_RECORDS PROVIDED_:
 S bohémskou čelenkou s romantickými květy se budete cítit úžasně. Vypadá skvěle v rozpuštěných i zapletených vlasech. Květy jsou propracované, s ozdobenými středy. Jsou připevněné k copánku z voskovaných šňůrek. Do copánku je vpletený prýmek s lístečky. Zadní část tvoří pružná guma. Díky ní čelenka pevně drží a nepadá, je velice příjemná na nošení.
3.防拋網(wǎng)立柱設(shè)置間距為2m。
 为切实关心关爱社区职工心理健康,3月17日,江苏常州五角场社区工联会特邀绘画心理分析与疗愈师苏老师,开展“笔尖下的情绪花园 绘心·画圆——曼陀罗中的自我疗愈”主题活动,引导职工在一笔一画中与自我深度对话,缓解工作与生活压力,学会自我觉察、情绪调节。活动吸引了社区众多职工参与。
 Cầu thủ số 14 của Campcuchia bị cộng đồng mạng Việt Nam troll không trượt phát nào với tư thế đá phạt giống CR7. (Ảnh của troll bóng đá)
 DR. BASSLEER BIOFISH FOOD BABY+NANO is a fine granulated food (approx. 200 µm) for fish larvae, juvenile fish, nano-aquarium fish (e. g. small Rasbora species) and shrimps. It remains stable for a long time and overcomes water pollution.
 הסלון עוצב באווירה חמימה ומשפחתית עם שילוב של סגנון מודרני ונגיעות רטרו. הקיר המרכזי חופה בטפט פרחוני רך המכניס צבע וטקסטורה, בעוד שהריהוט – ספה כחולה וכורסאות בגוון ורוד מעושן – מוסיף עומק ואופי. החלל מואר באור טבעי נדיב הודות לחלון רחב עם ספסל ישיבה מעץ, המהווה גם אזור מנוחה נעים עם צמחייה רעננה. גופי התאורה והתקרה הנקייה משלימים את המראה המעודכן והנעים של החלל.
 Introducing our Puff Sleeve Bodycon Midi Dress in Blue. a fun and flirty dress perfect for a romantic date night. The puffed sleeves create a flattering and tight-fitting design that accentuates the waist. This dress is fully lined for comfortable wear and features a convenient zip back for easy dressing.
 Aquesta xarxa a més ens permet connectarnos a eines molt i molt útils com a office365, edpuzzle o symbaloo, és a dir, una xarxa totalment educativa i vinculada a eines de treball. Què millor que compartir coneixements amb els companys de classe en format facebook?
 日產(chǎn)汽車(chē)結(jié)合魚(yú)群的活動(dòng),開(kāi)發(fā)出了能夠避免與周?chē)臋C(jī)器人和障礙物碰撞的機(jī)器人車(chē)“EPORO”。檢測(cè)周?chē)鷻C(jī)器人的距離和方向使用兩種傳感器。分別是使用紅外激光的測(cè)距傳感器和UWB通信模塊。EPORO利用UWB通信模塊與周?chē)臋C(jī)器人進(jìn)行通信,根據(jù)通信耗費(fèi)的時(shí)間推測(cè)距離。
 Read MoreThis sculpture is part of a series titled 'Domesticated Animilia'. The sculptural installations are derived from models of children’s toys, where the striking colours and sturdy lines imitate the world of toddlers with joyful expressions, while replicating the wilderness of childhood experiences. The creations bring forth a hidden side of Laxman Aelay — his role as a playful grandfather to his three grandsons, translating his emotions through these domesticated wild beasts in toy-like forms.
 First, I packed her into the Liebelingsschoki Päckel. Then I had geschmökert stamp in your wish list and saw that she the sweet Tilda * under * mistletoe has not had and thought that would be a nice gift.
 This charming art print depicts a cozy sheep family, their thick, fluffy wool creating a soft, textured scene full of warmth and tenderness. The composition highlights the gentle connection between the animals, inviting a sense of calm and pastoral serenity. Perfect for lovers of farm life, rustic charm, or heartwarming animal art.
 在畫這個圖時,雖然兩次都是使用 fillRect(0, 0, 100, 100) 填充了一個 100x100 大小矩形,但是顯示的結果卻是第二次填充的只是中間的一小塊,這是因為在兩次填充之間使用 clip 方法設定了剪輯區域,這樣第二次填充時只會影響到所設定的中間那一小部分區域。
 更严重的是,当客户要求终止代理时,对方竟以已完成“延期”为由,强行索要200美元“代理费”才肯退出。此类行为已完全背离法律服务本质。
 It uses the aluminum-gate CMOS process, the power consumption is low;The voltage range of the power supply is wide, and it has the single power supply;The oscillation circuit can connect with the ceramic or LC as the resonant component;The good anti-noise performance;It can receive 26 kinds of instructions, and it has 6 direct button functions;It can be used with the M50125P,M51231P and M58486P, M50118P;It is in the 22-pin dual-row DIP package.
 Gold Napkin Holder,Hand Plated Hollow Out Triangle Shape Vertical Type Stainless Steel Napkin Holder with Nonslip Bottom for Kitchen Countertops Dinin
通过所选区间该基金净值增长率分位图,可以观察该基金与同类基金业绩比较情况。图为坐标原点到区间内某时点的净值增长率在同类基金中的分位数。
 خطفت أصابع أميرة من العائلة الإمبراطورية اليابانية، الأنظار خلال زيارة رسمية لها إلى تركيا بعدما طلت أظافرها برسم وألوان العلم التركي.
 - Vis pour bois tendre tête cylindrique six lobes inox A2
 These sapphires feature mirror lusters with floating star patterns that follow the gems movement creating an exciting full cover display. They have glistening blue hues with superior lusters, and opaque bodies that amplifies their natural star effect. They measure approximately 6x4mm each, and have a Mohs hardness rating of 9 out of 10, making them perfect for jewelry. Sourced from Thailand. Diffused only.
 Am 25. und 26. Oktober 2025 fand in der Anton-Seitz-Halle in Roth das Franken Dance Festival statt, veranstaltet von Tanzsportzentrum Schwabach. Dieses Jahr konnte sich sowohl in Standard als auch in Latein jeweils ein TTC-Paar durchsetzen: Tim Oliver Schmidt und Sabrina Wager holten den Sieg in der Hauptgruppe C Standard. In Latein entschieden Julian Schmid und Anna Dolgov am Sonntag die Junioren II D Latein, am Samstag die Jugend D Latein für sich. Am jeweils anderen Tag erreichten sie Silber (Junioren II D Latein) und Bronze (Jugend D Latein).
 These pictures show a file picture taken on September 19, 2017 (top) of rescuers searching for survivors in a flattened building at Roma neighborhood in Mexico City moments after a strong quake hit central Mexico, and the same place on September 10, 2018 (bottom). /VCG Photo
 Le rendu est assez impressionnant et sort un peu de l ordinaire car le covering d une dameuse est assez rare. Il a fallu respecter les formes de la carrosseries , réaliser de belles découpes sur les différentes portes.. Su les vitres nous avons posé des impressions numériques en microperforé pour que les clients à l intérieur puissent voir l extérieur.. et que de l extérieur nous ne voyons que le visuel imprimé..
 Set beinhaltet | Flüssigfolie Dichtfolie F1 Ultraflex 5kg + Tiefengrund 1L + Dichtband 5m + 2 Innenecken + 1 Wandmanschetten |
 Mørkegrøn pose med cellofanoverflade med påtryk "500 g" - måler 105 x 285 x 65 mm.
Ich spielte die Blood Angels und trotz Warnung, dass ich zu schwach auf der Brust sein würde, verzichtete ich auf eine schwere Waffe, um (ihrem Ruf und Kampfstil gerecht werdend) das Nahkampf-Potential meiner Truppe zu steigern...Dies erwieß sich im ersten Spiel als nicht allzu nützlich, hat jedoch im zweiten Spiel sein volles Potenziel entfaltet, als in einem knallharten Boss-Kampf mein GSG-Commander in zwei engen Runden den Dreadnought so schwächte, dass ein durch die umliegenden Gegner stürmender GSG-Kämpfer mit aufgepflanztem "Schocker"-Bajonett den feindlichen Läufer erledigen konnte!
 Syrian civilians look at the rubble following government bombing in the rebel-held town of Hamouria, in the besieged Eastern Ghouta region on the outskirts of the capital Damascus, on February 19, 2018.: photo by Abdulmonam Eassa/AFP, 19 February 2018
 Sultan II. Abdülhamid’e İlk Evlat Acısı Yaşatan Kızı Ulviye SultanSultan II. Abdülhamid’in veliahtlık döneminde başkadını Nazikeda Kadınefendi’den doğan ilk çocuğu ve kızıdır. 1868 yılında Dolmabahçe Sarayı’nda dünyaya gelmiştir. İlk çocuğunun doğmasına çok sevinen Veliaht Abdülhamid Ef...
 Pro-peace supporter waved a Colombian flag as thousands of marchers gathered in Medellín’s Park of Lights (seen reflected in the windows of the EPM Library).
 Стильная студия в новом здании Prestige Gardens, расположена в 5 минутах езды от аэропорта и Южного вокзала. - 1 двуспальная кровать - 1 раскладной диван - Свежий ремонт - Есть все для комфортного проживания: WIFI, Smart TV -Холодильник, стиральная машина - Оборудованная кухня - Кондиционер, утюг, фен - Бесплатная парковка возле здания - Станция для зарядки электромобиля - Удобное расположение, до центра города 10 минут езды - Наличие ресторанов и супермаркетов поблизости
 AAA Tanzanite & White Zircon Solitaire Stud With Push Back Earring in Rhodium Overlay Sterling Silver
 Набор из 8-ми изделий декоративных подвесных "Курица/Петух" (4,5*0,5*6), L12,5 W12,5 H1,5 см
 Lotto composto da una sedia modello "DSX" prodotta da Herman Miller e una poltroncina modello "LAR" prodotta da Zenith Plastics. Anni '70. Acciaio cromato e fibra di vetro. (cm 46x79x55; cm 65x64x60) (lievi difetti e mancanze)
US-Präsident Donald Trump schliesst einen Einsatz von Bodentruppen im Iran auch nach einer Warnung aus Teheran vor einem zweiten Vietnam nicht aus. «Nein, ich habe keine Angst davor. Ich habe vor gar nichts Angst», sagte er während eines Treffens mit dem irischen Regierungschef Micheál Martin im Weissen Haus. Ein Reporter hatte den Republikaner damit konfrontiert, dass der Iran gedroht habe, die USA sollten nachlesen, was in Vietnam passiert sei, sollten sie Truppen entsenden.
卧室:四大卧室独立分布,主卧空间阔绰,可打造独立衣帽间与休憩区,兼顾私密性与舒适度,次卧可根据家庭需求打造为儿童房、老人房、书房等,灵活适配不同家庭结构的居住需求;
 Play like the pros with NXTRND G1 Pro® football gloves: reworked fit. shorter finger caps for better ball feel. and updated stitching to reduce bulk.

_THE TASK_: Each line from the one with "卧室:四大卧室独立分布,主卧" through the end of the records above should be written out exactly. No other line should appear.

_EXERCISE SOLUTION_:
卧室:四大卧室独立分布,主卧空间阔绰,可打造独立衣帽间与休憩区,兼顾私密性与舒适度,次卧可根据家庭需求打造为儿童房、老人房、书房等,灵活适配不同家庭结构的居住需求;
 Play like the pros with NXTRND G1 Pro® football gloves: reworked fit. shorter finger caps for better ball feel. and updated stitching to reduce bulk.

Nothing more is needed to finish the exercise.